This btree class provides a mostly balanced btree. By mostly balanced, I mean, I tried to get the best performance while keeping the unused space in the btree to a minimum. As a result, here are rules that were followed:
- when a page drops below 45% full:
- try to merge with the left or right sibling. The smallest sibling is chosen and merging is done only if all rows can be moved and 10% of the page is still empty. If the rows can be moved then this page is deleted from the btree.
- if all rows can't be moved to the smallest sibling, then rows are merged with the largest sibling to even out the rows in these two pages.
- when root contains only one element, a level is removed from the btree
- when a page grows too large:
- try to merge with the left or right sibling. The smallest sibling is chosen and merging is done only if both pages will be at least 10% free after moving the rows. Rows are moved until the two pages are equal in size and a split is avoided.
- if merging does not work, then the page is split in two.
- when root fills up and splits a new level is added to the tree
Locking Strategies:
- The primary goal to lock the btree as little as possible. Locks are acquired and released on a per page basis. Basically, when a page is read, the read lock is grabbed and released, when a page is updated, the write lock is grabbed before the first update and released when the updated page is written to disk. The locking strategy is different when the key is unique verses not unique. Here are the details when the key is unique:
- There can be many concurrent reader and writer threads. When iterating over rows in the btree, the filestore's read lock is grabbed and immediately released as each page is read into the stack. Technically, only one thread can read from the tree at the exact same time, but the period of time that the tree is actually locked is very small. This technique allows many reader threads to iterate over rows in the same btree at the same time and update or delete rows while iterating.

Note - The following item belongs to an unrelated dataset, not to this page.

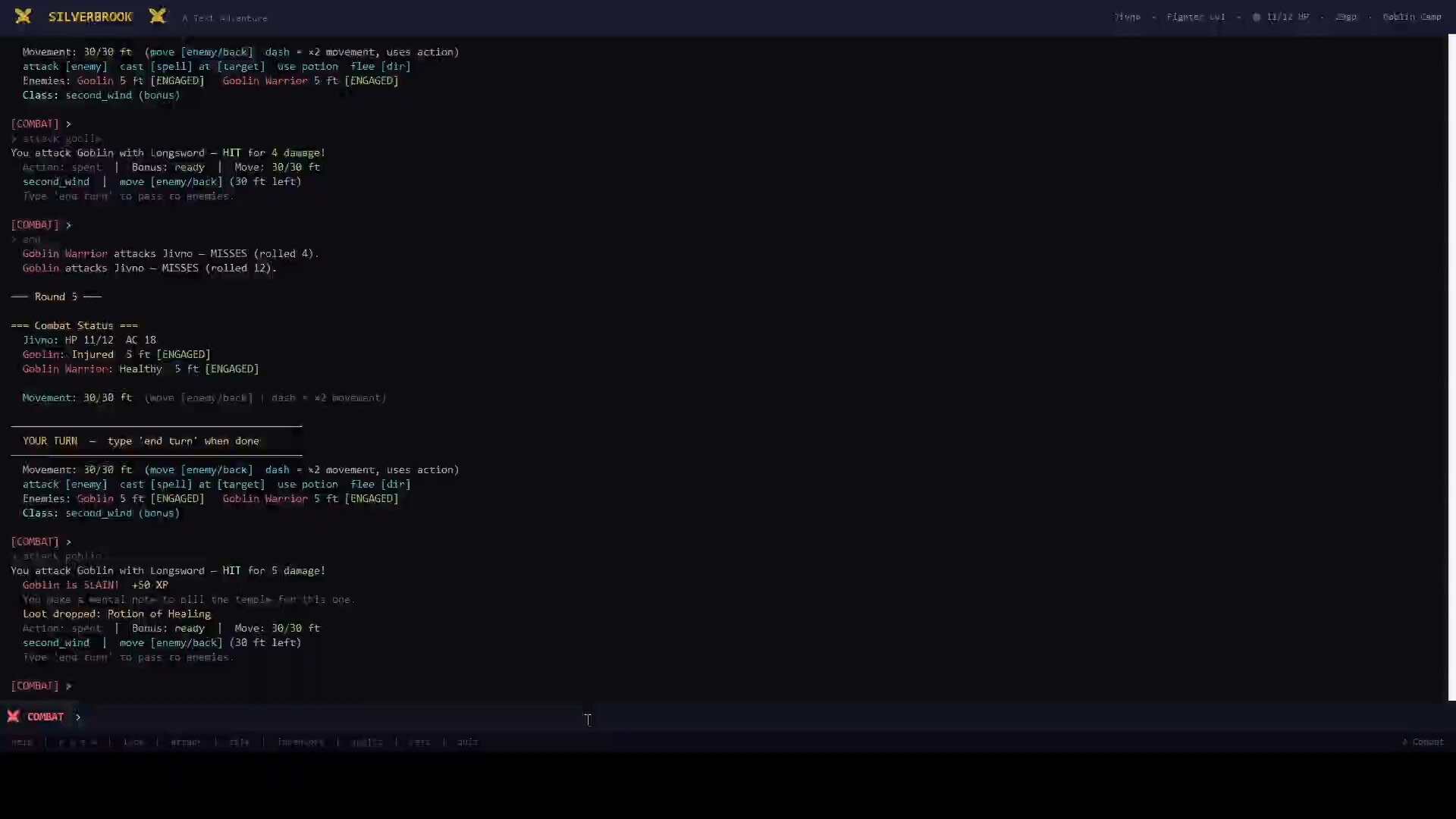 Silverbrook uses a full D&D 5e-compatible ruleset — attack rolls, saving throws, spell slots, critical hits, conditions, and action economy. Every number means something. Every build plays differently. Combat is not a coin flip; it is a coin flip you can prepare for.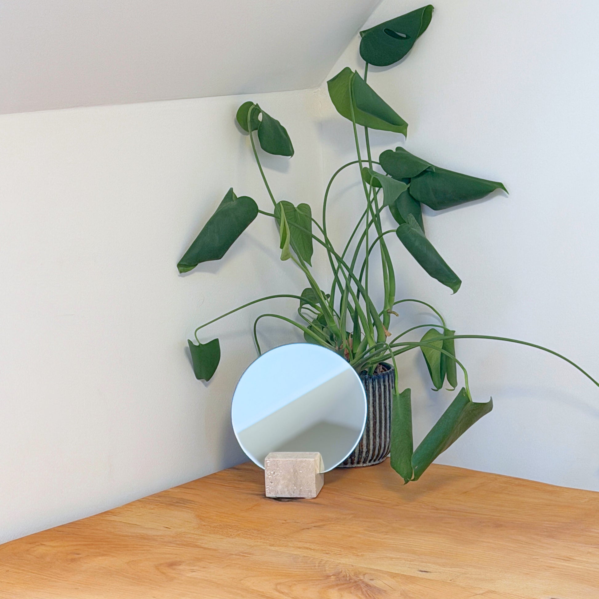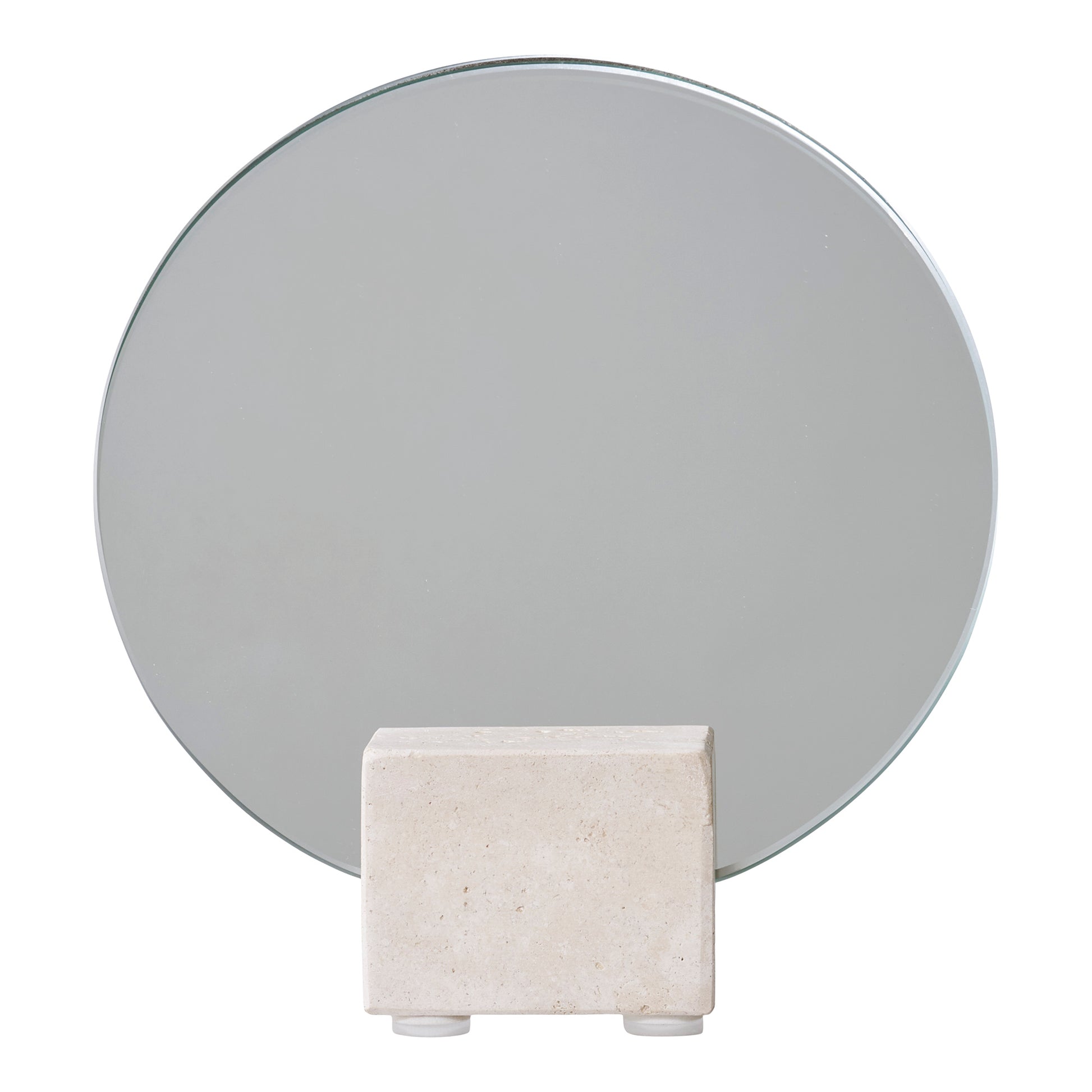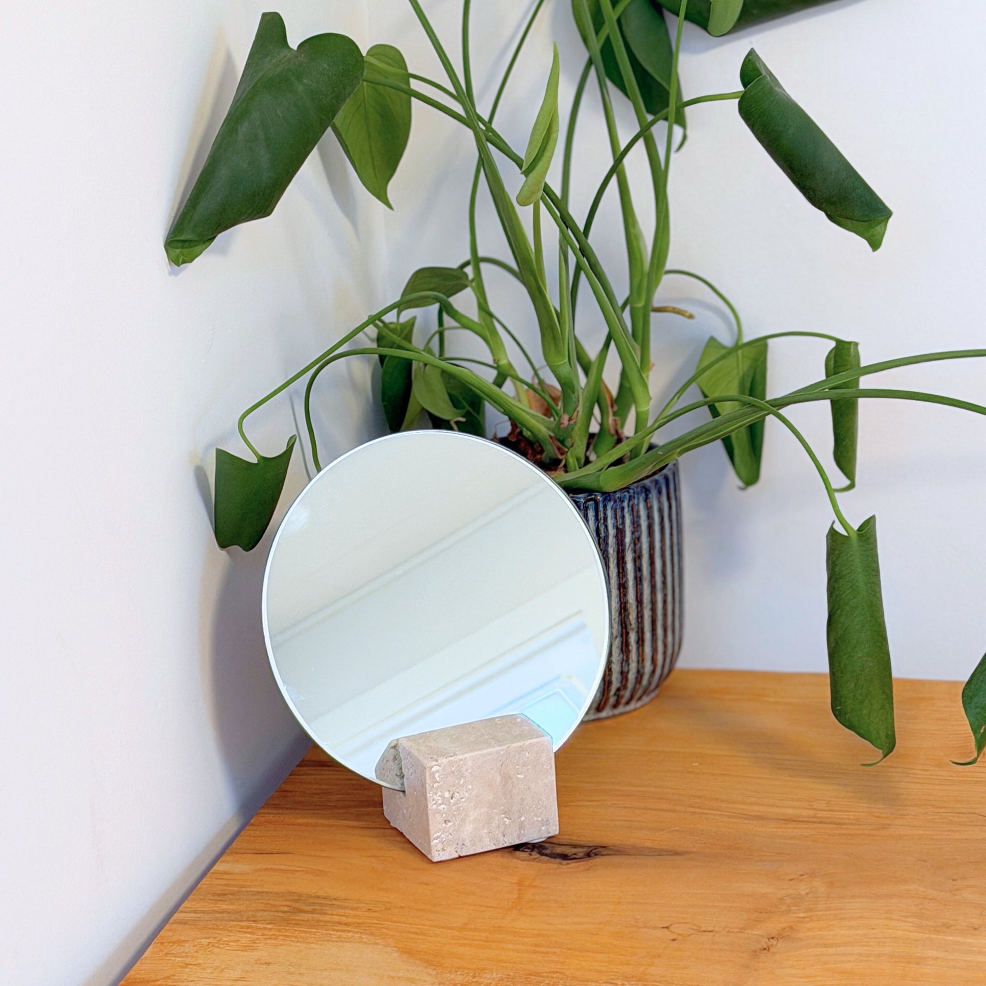 💕 Mød Aura – et elegant bordspejl i travertin og glas. Dette smukke spejl i beige nuancer skaber en rolig og harmonisk atmosfære i ethvert rum.

- When you call delete_row() or udpate_row() the write lock is grabbed and held until the updated page is written to disk. This occurs when the iterator is done processing each row on the page and is ready to read the next page in the btree. When the newly updated page is written to disk, the write lock is released. This means the write lock could be held for longer periods of time but also means that delete_row() and update_row() are very fast and efficient for updating and deleting lots of rows in the btree. In other words, the write lock is acquired and held from the moment the first update occurs until that page is written to disk. This iterators ensure this update occurs even if you stop iterating in the middle of a page.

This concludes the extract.